A Chinese experiment in democracy meets fierce resistance

" When Fang Zhaojuan began organizing her neighbors here to impeach village leaders whom she suspected of corruption, she had no idea that the challenge would lead her first to the hospital and then to jail.

"She was following the law, after all, and had launched legal petitions signed by a large majority of villagers. They believed they had been cheated of proper compensation when their village council had sold land for industrial development to the government of a nearby township.


"Mrs. Fang, her family, and colleagues on a recall committee, however, found themselves plunged into a violent political drama. This, they say, has shown residents of the hamlet just how narrow the boundaries remain for their democratic rights. It has also, they add, hardened their resolve to enforce them...

"Chinese law prescribes direct democratic elections for village councils, and provides for recalls if a majority of villagers lose faith in their leaders. 'But that is only the law,' cautions Yawei Liu, head of the China Program at Atlanta's Carter Center... 'Once you move into the real world it is very difficult to enforce,' he adds...

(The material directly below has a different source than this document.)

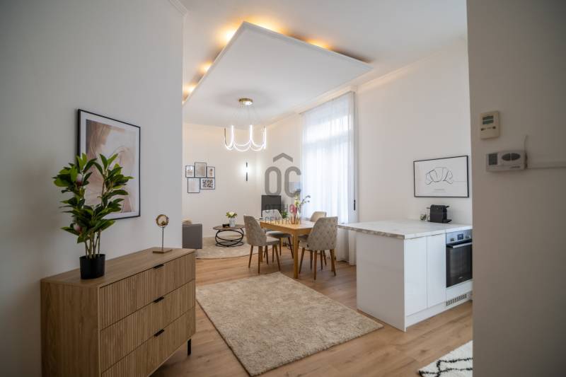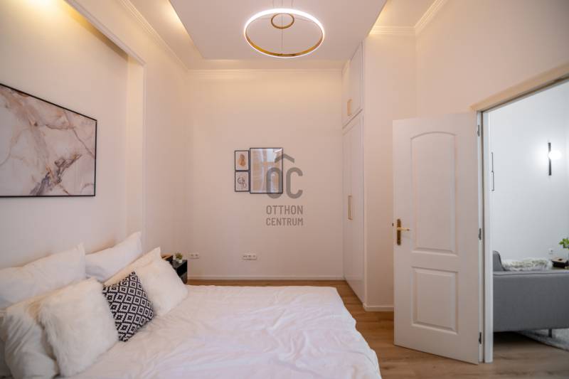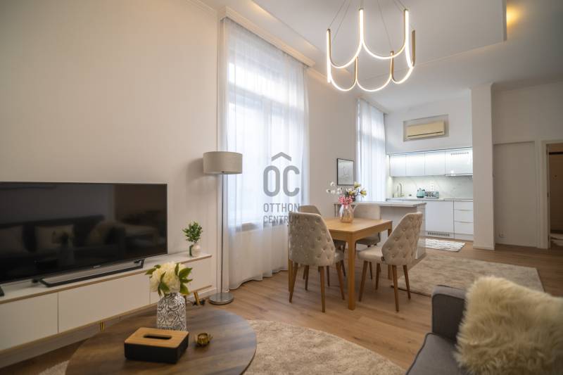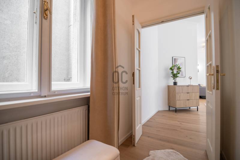 Budapest belvárosának egyik hangulatos V. kerületi sétálóutcájában, a Haris köz patinás épületében kínálok eladásra egy 57 nm-es, 2 szobás, 2. emeleti lakást. Az ingatlan egy rendezett, kis lakóközösségű társasházban található, amely zárt lépcsőházzal és lifttel rendelkezik. A lakás frissen felújított állapotú, tágas terekkel és nagy belmagassággal, így világos és különleges hangulatú otthont kínál új tulajdonosának.A LAKÁSRÓL:Az ingatlan a nagy belmagasságának köszönhetően rendkívül tágas és világos érzetet nyújt.A nappali a sétálóutcára néz, míg a hálószoba a csendes belső udvarra, így a lakás jól ötvözi a városi hangulatot és a nyugodt pihenést.A lakás frissen felújított, az ablakok extra hangszigeteléssel vannak ellátva, így a központi elhelyezkedés ellenére is csendes.A konyha teljesen gépesített, a lakásban két klímaberendezés is található, amelyek a nyári hűtést és az átmeneti időszakban a fűtést is segítik. A fűtésről cirkó gázkazán gondoskodik.A lakásban található bútorok megegyezés tárgyát képezik.A HÁZRÓL:A társasház kis lakóközösségű, rendezett, zárt lépcsőházzal rendelkezik, valamint lift is található az épületben, ami még kényelmesebbé teszi a mindennapokat.LOKÁCIÓ:Az ingatlan Budapest belvárosában, a Haris közben található, egy csendes, hangulatos sétálóutcában. A Váci utca, a belváros egyik legismertebb bevásárló- és sétálóutcája, mindössze pár perc sétára, a Haris köz párhuzamos utcájában helyezkedik el, így a lakó mindennapi bevásárlása és a városi élet könnyen elérhető. A környék rendkívül frekventált, számos étterem, kávézó, üzlet és szolgáltatás található a közelben. A tömegközlekedés kiváló, a környéken busz- és villamosjáratok, valamint a metróvonalak könnyen elérhetők, így a város bármely pontja gyorsan megközelíthető. A lakás ideális azok számára, akik szeretnének közel lenni a belváros nyüzsgéséhez, ugyanakkor csendes és nyugodt otthont keresnek.AJÁNLOM:Ideális választás lehet saját otthonnak, városi lakásnak vagy befektetésnek egyaránt.További információért és megtekintés egyeztetéséhez keressen bizalommal!Egyedi igényekre szabott lakáshitelekkel állunk rendelkezésére.Bankfüggetlen Hitelcentrumunk az országban elérhető összes bank és hitelintézet ajánlatát versenyezteti az Ön számára díjmentesen.Munkatársaink nagy szakmai tapasztalattal, teljes körű CSOK PLUSZ és OTTHON START PROGRAM ügyintézéssel várják Önt előre egyeztetett időpontban akár a normál munkaidő után is.

"'At any point in the process the authoritarian system can come into play' to frustrate villagers' democratic aims, says Kevin O'Brien, a professor at the University of California, Berkeley, who has studied village governance in China for years. 'This story is an example of bottom-up democracy being swamped by undemocratic people who are used to giving orders.'

"On the other hand, Dr. Liu points out, "'he beatings and the jailings are a reflection ... that the villagers are so keenly aware of their rights there is nothing else the government can do.'..."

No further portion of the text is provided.